A Believer's Guide to Atheism
Michael Symmons Roberts - formerly an atheist, now a Catholic - examines how atheism in Britain today is becoming an increasingly complicated tapestry of beliefs and non-beliefs.
As a student, Michael Symmons Roberts was an evangelical atheist, keen to rid people of their religious beliefs. In the course of his studies, however, he lost his atheism and in the years since has become a practising Roman Catholic. He has always retained a great interest in atheism, believing that at its most nuanced it offers a means by which to examine his own faith, and in this programme he sets out to discover the state of non-belief stands in today's Britain.
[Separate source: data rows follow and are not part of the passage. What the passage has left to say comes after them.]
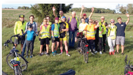
Hop na rower – str. 17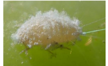
Cochenille Lécanine (à en haut) et Cochenille farineuse (en bas)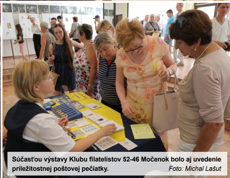
Súčasťou výstavy Klubu filatelistov 52-46 Močenok bolo aj uvedenie príležitostnej poštovej pečiatky.

He finds out that things have moved on from a decade ago when New Atheists like Dawkins, Dennett, Hitchens and Harris brought their materialist rejection of belief so prominently into the public domain.
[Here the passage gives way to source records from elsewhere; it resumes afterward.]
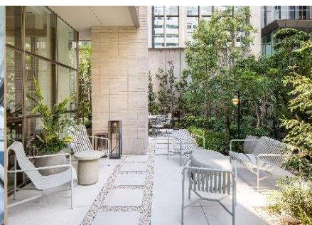
緑に囲まれた1Fのガーデン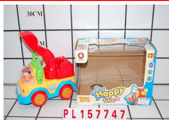
Auto budowlane na baterie PL157747-8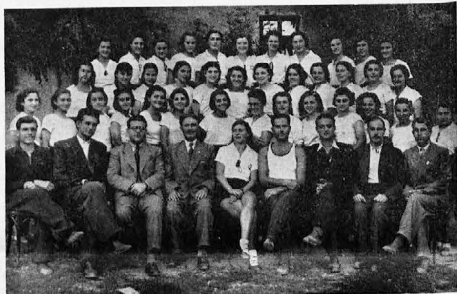
Prednjački tečaj za članice u župi Skoplje (1—15. IX. o. g.).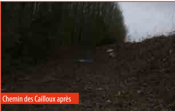
Chemin des Cailloux après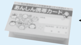
←あんしん情報カード

配布される専用容器の中には、あんしん情報シート、あんしん情報カード、掲示用ステッカー・マグネットなどが入っています。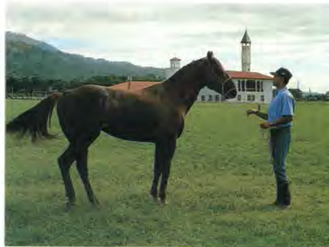
El Club Ecuestre es una de varias opciones que tienen los alumnos para invertir su tiempo después del trabajo de campo y clases.

As always, athletics represented an important extracurricular activity. Students jog, lift weights, swim and participate in aerobics and informal team competitions. Zamorano's official soccer, softball, basketball and volleyball teams continue to be competitive against teams from other universities and institutions in Honduras.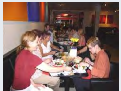
Wer Lust hatte, konnte den Abend in geselliger Runde ausklingen lassen.

Now the majority of us identify as so-called 'Nones', without religion but not entirely in line with the rationalist atheists either. Instead the 'Nones' are likely to display beliefs in a wide range of supernatural phenomena such as ghosts and divination while rejecting the idea of a god. Some are driven more by social justice, others find their spiritual needs met by connecting with nature.
What is clear about questions regarding belief and non-belief right now is that things are multiple and complex, reflecting as ever the moment at which those questions are posed.
Michael speaks with eminent academics Linda Woodhead and Lois Lee; he meets Alom Shaha, author of 'The Young Atheist's Handbook' who was raised in a Muslim household; he attends an event held by the Edinburgh Skeptics, and also hears from the author of 'Doubt: A History', Jennifer Michael Hecht, about the state of atheism in America.